REPUBLIKA.CO.ID, JAKARTA -- Puluhan ribu pengunjuk rasa pro-demokrasi Hong Kong kembali melakukan demontrasi pada Ahad (29/9) waktu setempat. Menjelang peringatan ke-70 tahun Republik Rakyat China (RRC) pada 1 Oktober mendatang, para pengunjuk rasa kian kencang meneriakkan slogan anti-China, meski aksinya mendapat perlawanan cukup represif dari kepolisian.
Para pengunjuk menggelar aksi di pusat pemerintah Hong Kong dengan tema "Global Anti-Totalitarianism Rally.” Namun belum sampai satu jam aksi digelar, polisi memukul mundur pengunjuk rasa dengan melepaskan gas air mata.
Bentrok antara polisi dan pengunjuk rasa akhirnya terjadi di beberapa distrik, yang diperkeruh dengan gas air mata dan semburan peluru karet. Polisi bahkan melakukan beberapa penangkapan.
Dalam aksinya, para pengunjuk rasa juga mengibarkan bendera dari berbagai negara dan lembaga internasional, termasuk Amerika Serikat (AS) dan PBB. Itu dilakukan sebagai seruan kepada global untuk mendukung gerakan anti-ekstradisi China.
Dalam aksinya, para pengunjuk rasa banyak yang berpakaian hitam dan beberapa memakai topeng Guy Fawkes. Mereka memegang spanduk berwarna kuning dengan bertuliskan "Kembalikan Hong Kong, Saatnya Revolusi."
Dilansir The Wall Street Journal, Senin (30/9), aksi yang digelar pada Ahad itu tidak mengantongi izin dari kepolisian setempat. Karena itu, polisi berusaha memukul mundur para demonstran di sore hari, bahkan sebelum aksi dimulai.
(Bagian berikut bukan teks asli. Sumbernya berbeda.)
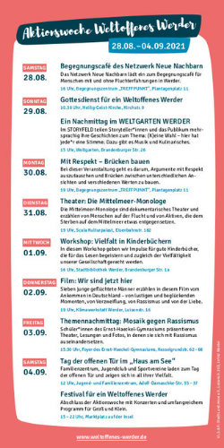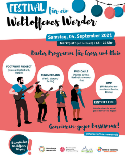 Vom 28. August bis 4. September findet in diesem Jahr zum fünften mal die Aktionswoche Weltoffenes Werder statt. Mit Kino, Theater, Strorytelling, Workshops und einem großen Abschlussfestival soll gegen Rassismus und Ausgrenzung und für ein weltoffenes und vielfältiges Werder ein Zeichen gesetzt werden.

"Kami bukan radikal, kami hanya ingin berjuang untuk masa depan yang lebih baik," kata seorang pengunjuk rasa yang masih berusia 15 tahun, John.
"Kami ingin memberi tahu dunia bahwa kejahatan yang dilakukan oleh Partai Komunis juga bisa terjadi di sini," tambah John.
Di sepanjang rute demonstrasi, pengunjuk rasa merusak fasad bisnis Cina daratan, termasuk gerai bank-bank milik negara, kemudian memasang plakat anti-Partai Komunis dan slogan-slogan protes menggunakan cat semprot.
Diketahui, demonstrasi Hong Kong yang terus berlanjut, dipicu oleh rancangan undang-undang (RUU) ekstradisi yang memungkinkan tersangka akan diadili oleh sistem hukum China. Meskipun pemerintah Hong Kong secara resmi mencabut RUU tersebut awal bulan ini, gerakan protes masih terus berlanjut.
Pemerintah Hong Kong telah mengisyaratkan keinginannya untuk rekonsiliasi melalui dialog dalam beberapa pekan terakhir. Tetapi volume dan keganasan protes yang terus berlangsung menunjukkan bahwa strategi pemerintah tidak banyak berbuat untuk memadamkan kerusuhan.